Retirement planning is hard for procrastinators. I should know, I am one. As I think about deadlines (to finish this column or other writing projects, for example), I sometimes get anxious. That’s because I often wait until the 11th hour before I put pen to paper or fingers to keyboard to actually do the work that needs to get done.
If you’re wondering if you’re a procrastinator when it comes to retirement planning, think about the last time you did the following:
- Reviewed your health insurance options during the annual health benefits open season.
- Reevaluated your life insurance to increase or decrease your coverage as needed.
- Discussed a plan for long-term care with your loved ones and thinking about how you would want to be cared for should the need arise.
- Reviewed your official personnel folder to be sure your service history is accurately documented.
- Requested a retirement estimate from your human resources office if you are within five years of retirement eligibility.
- Updated your beneficiary designations when you experience a life event.
- Rebalanced your Thrift Savings Plan as you get closer to retirement (unless you are automatically doing this using the L Funds).
- Reviewed your latest Social Security statement using your online account or mailing in a request using form SSA 7004.
Procrastinating on these important tasks can be costly as you approach retirement and attempt to maintain your retirement planning goals. In a 2013 Psychology Today blog post, Kevin Gyoerkoe wrote about four ways to avoid being a procrastinator:
Get motivated. “You'll need to feel confident that you have the ability to change, that you're ready to take this step, and—perhaps most of all—that this change is important to you.” This may require getting educated. Attending a pre-retirement or mid-career planning seminar is a good place to start.
Learn to set good goals. Even if you’ve gotten a late start on the retirement planning process, you can come up with a plan that includes appropriate and effective goals. For example, you could decide that every fifth birthday starting at age 45, you will request a Social Security statement.
Manage your time. During the upcoming Federal Employees Health Benefits Program open season, for example, it might be too much for you to sit down and review your health insurance plan, select a dental or vision supplement and set up your 2019 flexible spending account in one sitting. Instead, try this approach:
- Set aside an hour this weekend to review your 2018 out of pocket medical expenses.

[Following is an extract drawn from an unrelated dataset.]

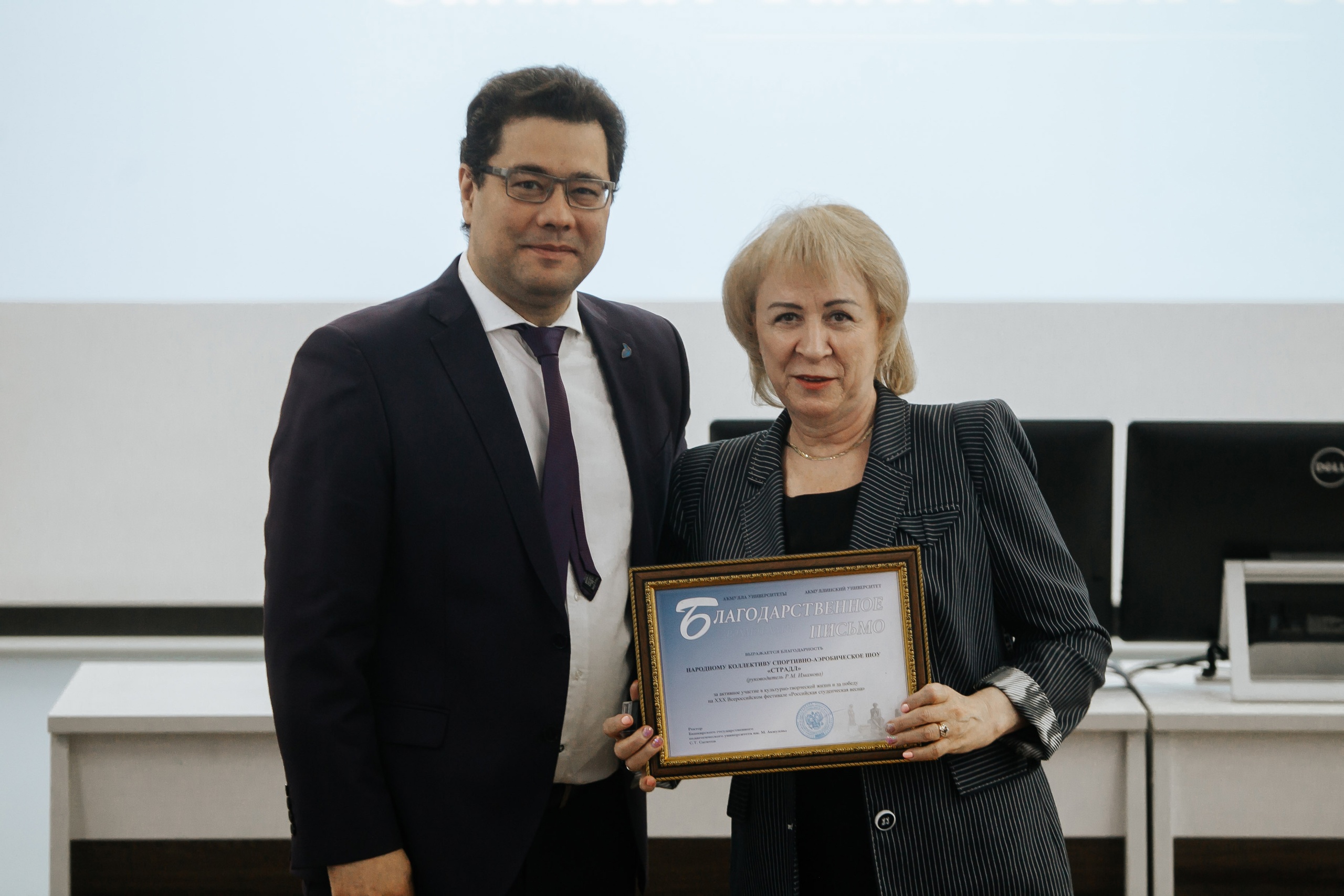 Также Салават Талгатович вручил Благодарственные письма Акмуллинского университета за активное участие в культурно-творческой жизни и за победу на ХХХ Всероссийском фестивале «Российская студенческая весна» руководителю  народного коллектива спортивно-аэробическое шоу «Страдл» Римме Имамовой и студентке института педагогики Алисе Мухамедьяновой.

- On Nov. 12 (the first day of open season), compare your health plan to two or three new choices.
- On Nov. 17, take time to look at the plan premiums, deductibles, coinsurance and copayments for each of the plans in your short list of possible choices for 2019.
- On Nov. 24, review the dental and vision coverage of the health plan you selected for 2019 to determine if you need a dental or vision supplement.
- On Dec. 1, if you are a current employee, set up your flexible spending account for 2019. Set aside tax-free dollars from your paycheck to pay for your out of pocket health care and dependent care expenses.
- On Dec. 10 (the last day of open season), relax and know you’ve taken the time to ensure you’ve made the best choice.
Change your thinking. Many people I meet simply do not enjoy doing what it takes to plan for their future. The idea of reviewing the TSP or filling out a beneficiary form has a negative connotation. Combat those negative thoughts with positive action. Remind yourself that the task will not take that long, especially if you break it down into simpler steps.
Also, remember that the greatest inspiration is a deadline. And most tasks aren’t as hard as you think they’ll be once you get started.